■ **Prompt**
Taking only the lines of the data below from the line with "Outdoors, guests can" to the line with "第四要素:門面中應(yīng", ends included, write them out exactly and without pictures.

Dataset excerpts
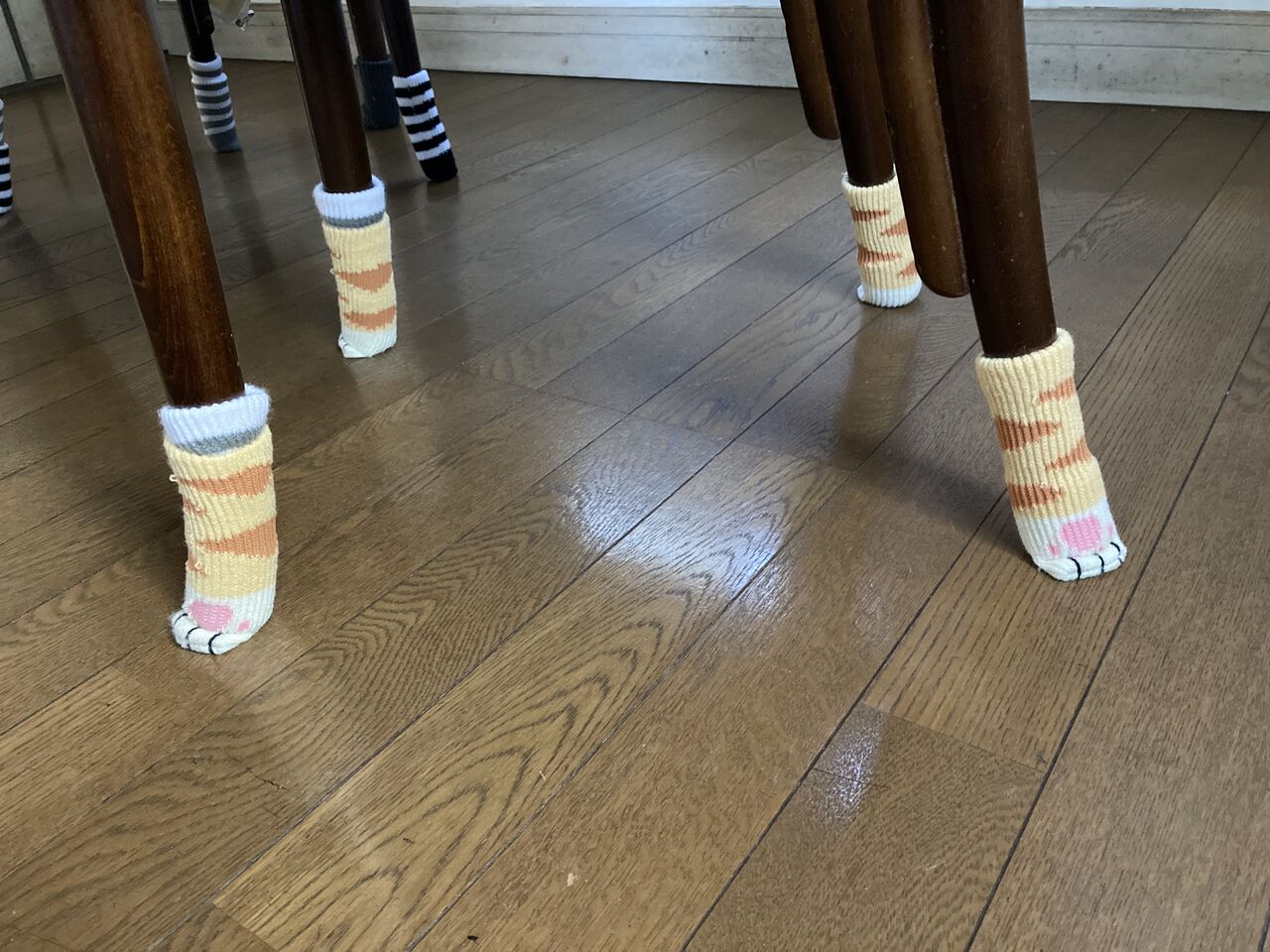 以前にも我が家のリビングの椅子の脚をアップしたことがある。床のキズを少しでも減らし、音も少なくするためにご覧のような毛糸で編んだソックスが売られている。良くあるのは100円ショップ。僕は体重があるから、僕が座る椅子のカバーは消耗が激しい。このカバーにいろいろな種類がある。以前アップしたソックスはシマウマのようなカバーだったが、今回、家内が買ってきたのは猫足。一番先が猫の足に見えるようにわざわざつま先を作ってある。
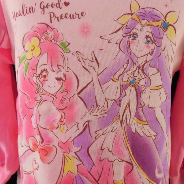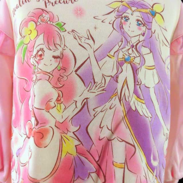 女の子に大人気! トップスフロントにはキュアグレースとキュアアースのツーショット淡い色使いがキュート 袖肩のフリルはベロアで高級感あり! さらにこのパジャマは「光るパジャマ!」 光るパジャマとは 明るい所で光りを溜めておくと 暗い所で蓄光プリントが光る こども達にもママパパにも大人気のパジャマです。
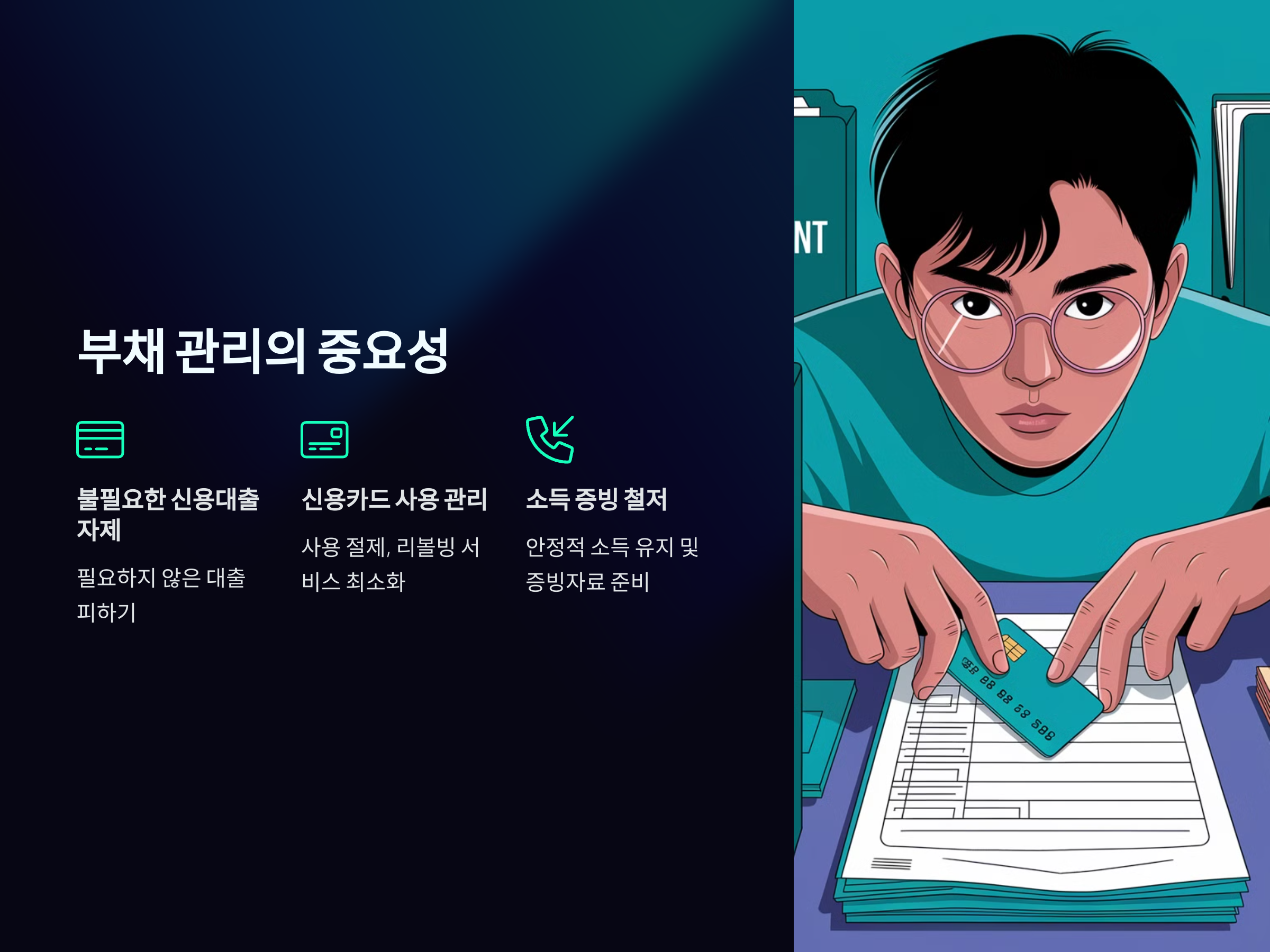 - 신용카드 사용 관리: 신용카드 사용을 절제하고, 리볼빙 서비스 이용을 최소화합니다.
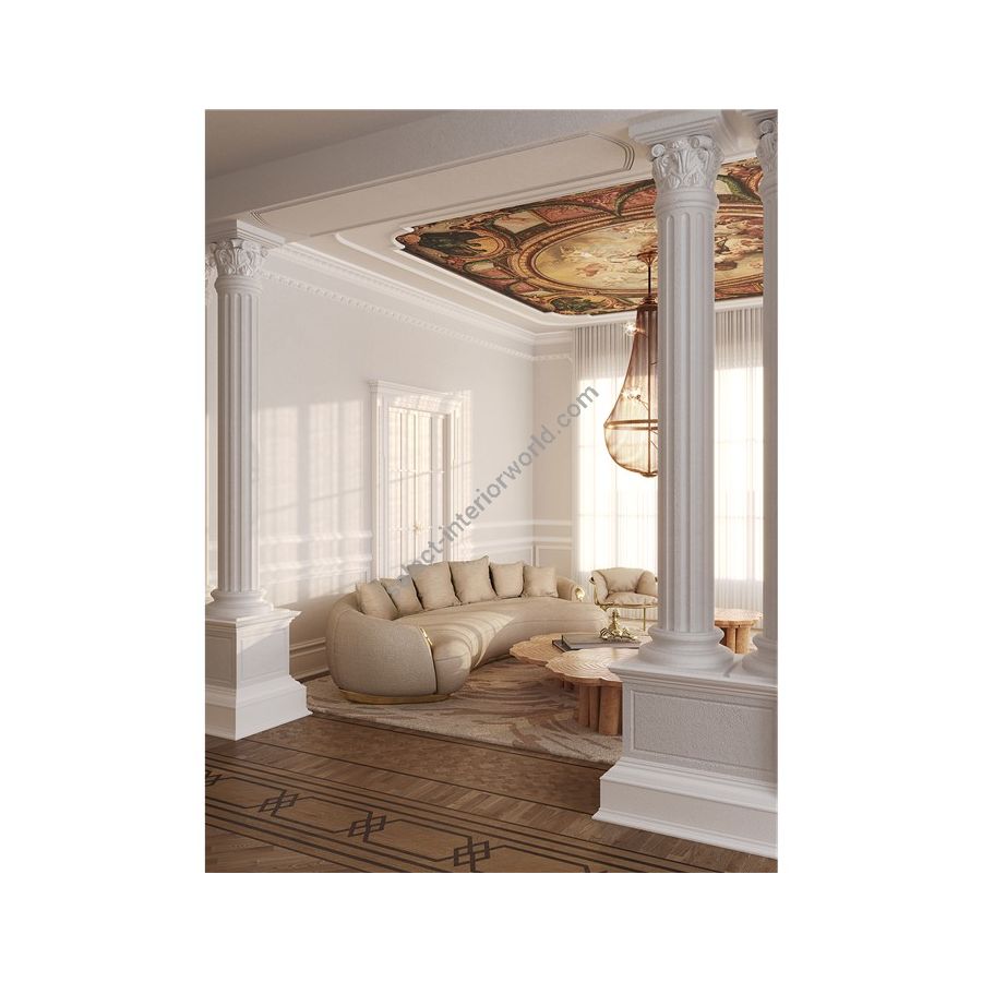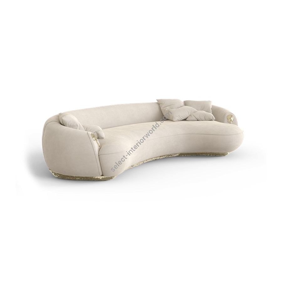Inspired by the spirit and mission of the famous Cirque de Soleil, the Soleil Curved Sofa is a synthesis of styles and senses. Proving that its playful lines can also translate to absolute sophistication, this elegant curved sofa with creamy upholstery embrace a perfect combination between a vintage and a contemporary design to provide a sumptuous option for any modern day room. It features a double-part configuration that offers a multitude of seating without interrupting the flow of the space with individual punctuations. The brass details also perfectly complement the elegant lines of this timeless piece.
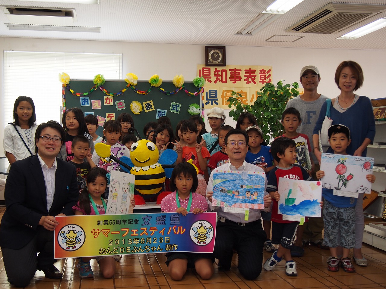 文具・事務用品機器販売の文盛堂(相模原市中央区千代田)は7日、「第6回お絵かきコンテスト」の表彰式を行った=写真。 毎年恒例のサマーフェスティバルで「夏休みの思い出」をテーマに小学6年生以下の作品を募集。専門家らが審査し、30点以上の中から小学2年生の菅原夏弥さんの作品が金賞に選ばれた。表彰式では同店の尾作晃社長から賞状の授与と記念品が贈られた。 創業55周年記念イベント「ねんどDEぶんちゃん」で製作した同店キャラクターのぶんちゃんのオブジェも披露された。(2013年9月20日号掲載)
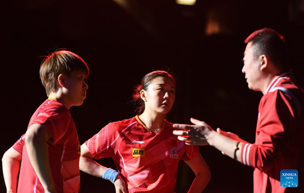 Chen Meng (C)/Wang Yidi (L) of China listen to their coach Ma Lin during the women's doubles semifinal against Kihara Miyuu /Nagasaki Miyu of Japan at 2023 ITTF Table Tennis World Championships Finals in Durban, South Africa, May 26, 2023. (Xinhua/Li Yahui)
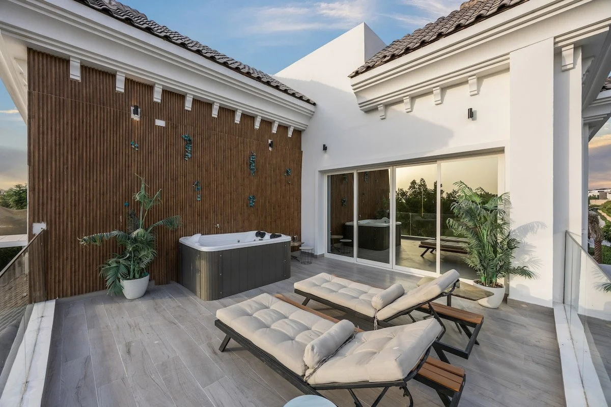 Outdoors, guests can enjoy a private swimming pool, landscaped garden, shaded lounge areas, and BBQ facilities. The villa is also close to community fitness centers, tennis courts, and jogging paths.
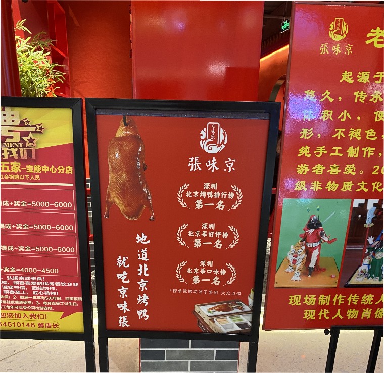 第四要素:門面中應(yīng)該有發(fā)光燈箱廣告,以精致圖文并茂的形式呈現(xiàn)食物高精度畫面,讓顧客產(chǎn)生強烈的食欲;或海報展現(xiàn)食物的制作技法,體現(xiàn)食物背后的匠心,讓顧客震撼、感動。主推產(chǎn)品讓客人看到就想買。這個就好吃,買這個沒有錯。悅得閑廣式點心茶樓每一個店門口推的點心紅米腸就是這一做法的體現(xiàn)。
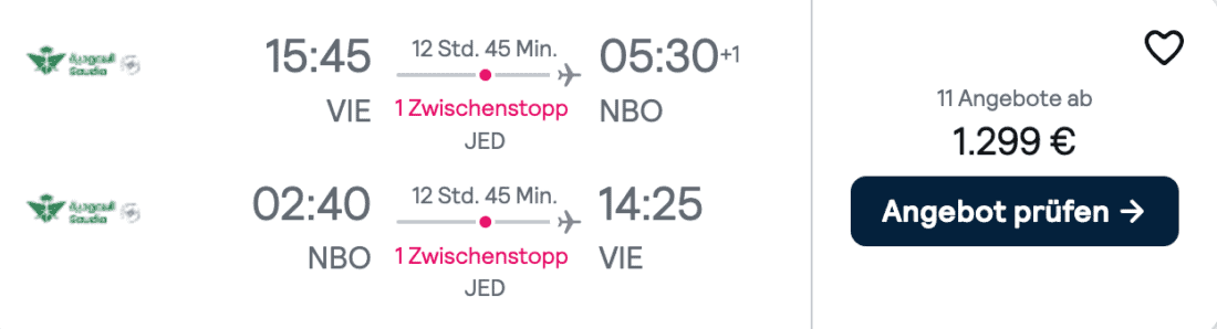 Mit Abflug von Wien verkauft Saudia bezahlbare Tickets für Business Class Flüge nach Ostafrika. Ihr erreicht den Kenia ab 1.299€. Verfügbarkeiten für Reisen nach Nairobi gibt es von April bis Oktober. Hin- und Rückflug erfolgen stets via Jeddah.
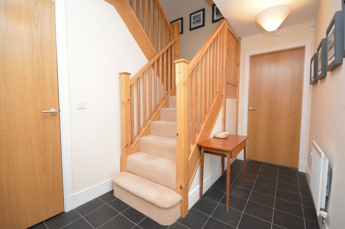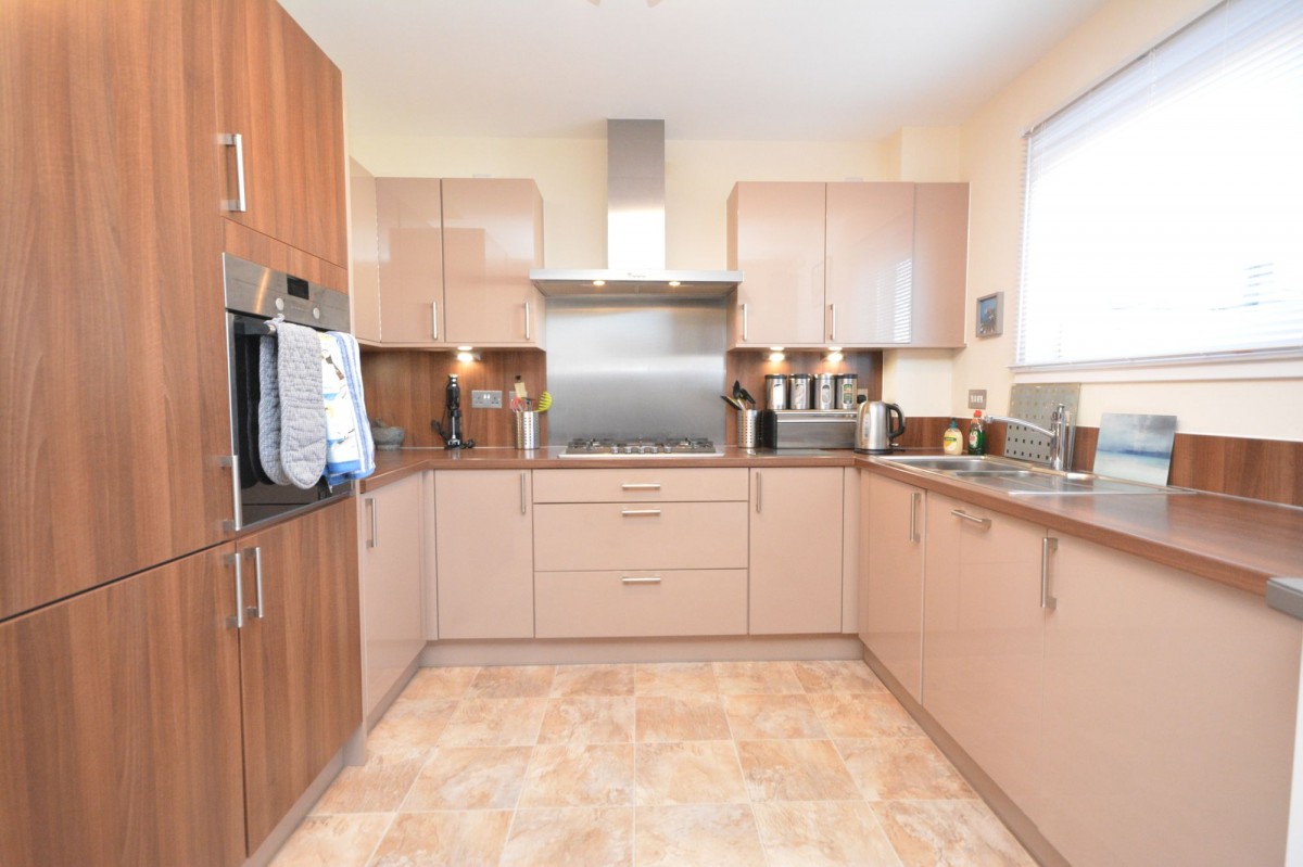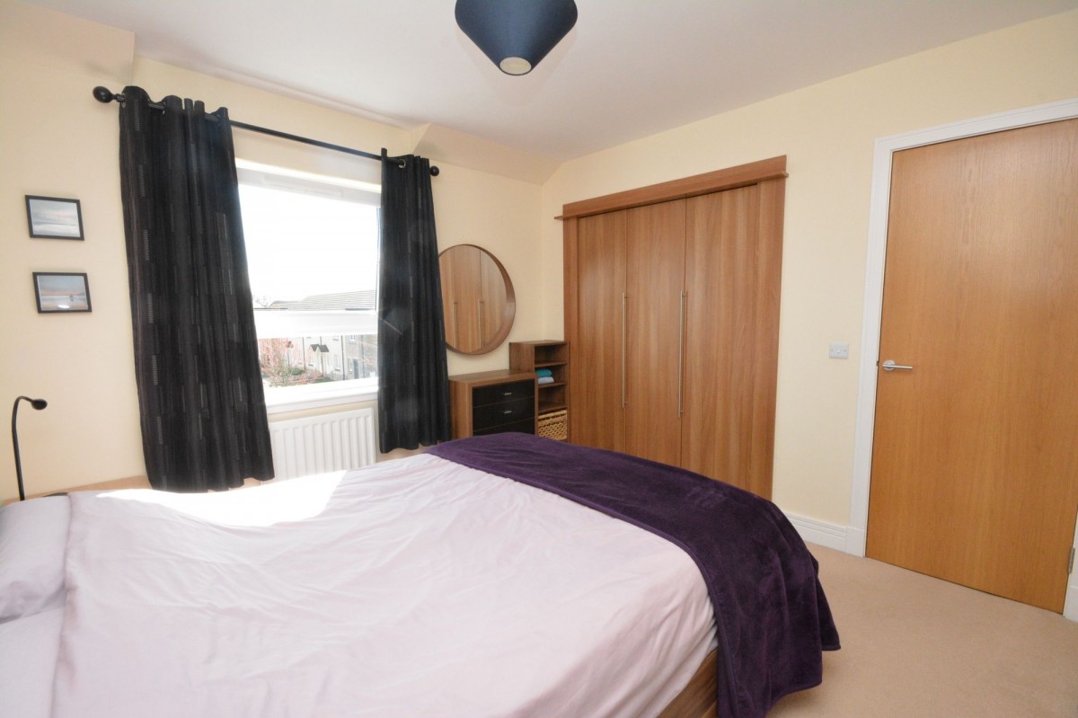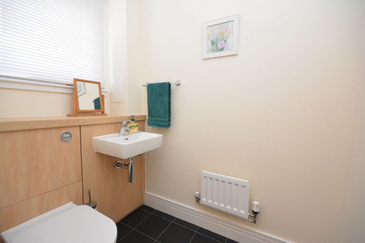 Stylish Cala built larger style luxury town house set within the prestigious Kinnaird Village development in much sought after Larbert. The property is situated conveniently for access to many excellent surrounding amenities including Kinnaird Primary School, Larbert Rail Station and surrounding road and motorway network which proves popular with commuters. The property enjoys the benefit of a private front garden and superb westerly facing first floor sun deck which extends to in excess of twenty one feet in length and offers ideal outdoor sitting and entertainment space. The blocked paved rear driveway provides two car wide parking for several vehicles and access to a generously sized integral garage with courtesy door to the utility room.
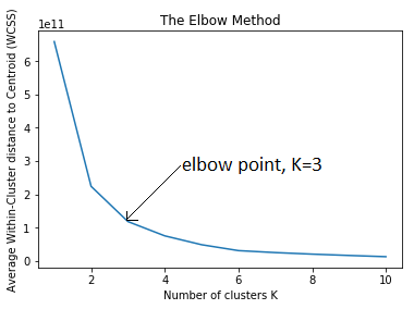 因为增加集群的数量总是会减少到数据点的距离,所以增加K总是会减少这个度量,当K等于数据点的数量时达到0的极限。因此,这个指标不能作为唯一的目标。相反,将与质心的平均距离作为K的函数绘制出来,并使用“弯头点”(急剧下降的速度)来粗略地确定K。
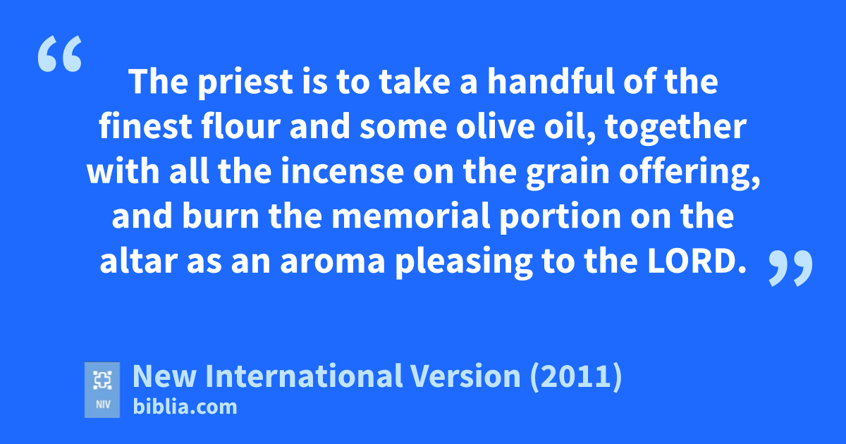 14 “ ‘These are the regulations for the grain offering:o Aaron’s sons are to bring it before the Lord, in front of the altar. 15 The priest is to take a handful of the finest flour and some olive oil, together with all the incensep on the grain offering,q and burn the memorialb portionr on the altar as an aroma pleasing to the Lord. 16 Aaron and his sonss shall eat the restt of it, but it is to be eaten without yeastu in the sanctuary area;v they are to eat it in the courtyardw of the tent of meeting.x 17 It must not be baked with yeast; I have given it as their sharey of the food offerings presented to me.z Like the sin offeringc and the guilt offering, it is most holy.a 18 Any male descendant of Aaron may eat it.b For all generations to comec it is his perpetual shared of the food offerings presented to the Lord. Whatever touches them will become holy.d e’ ”

■ **Response box**
 Outdoors, guests can enjoy a private swimming pool, landscaped garden, shaded lounge areas, and BBQ facilities. The villa is also close to community fitness centers, tennis courts, and jogging paths.
 第四要素:門面中應(yīng)該有發(fā)光燈箱廣告,以精致圖文并茂的形式呈現(xiàn)食物高精度畫面,讓顧客產(chǎn)生強烈的食欲;或海報展現(xiàn)食物的制作技法,體現(xiàn)食物背后的匠心,讓顧客震撼、感動。主推產(chǎn)品讓客人看到就想買。這個就好吃,買這個沒有錯。悅得閑廣式點心茶樓每一個店門口推的點心紅米腸就是這一做法的體現(xiàn)。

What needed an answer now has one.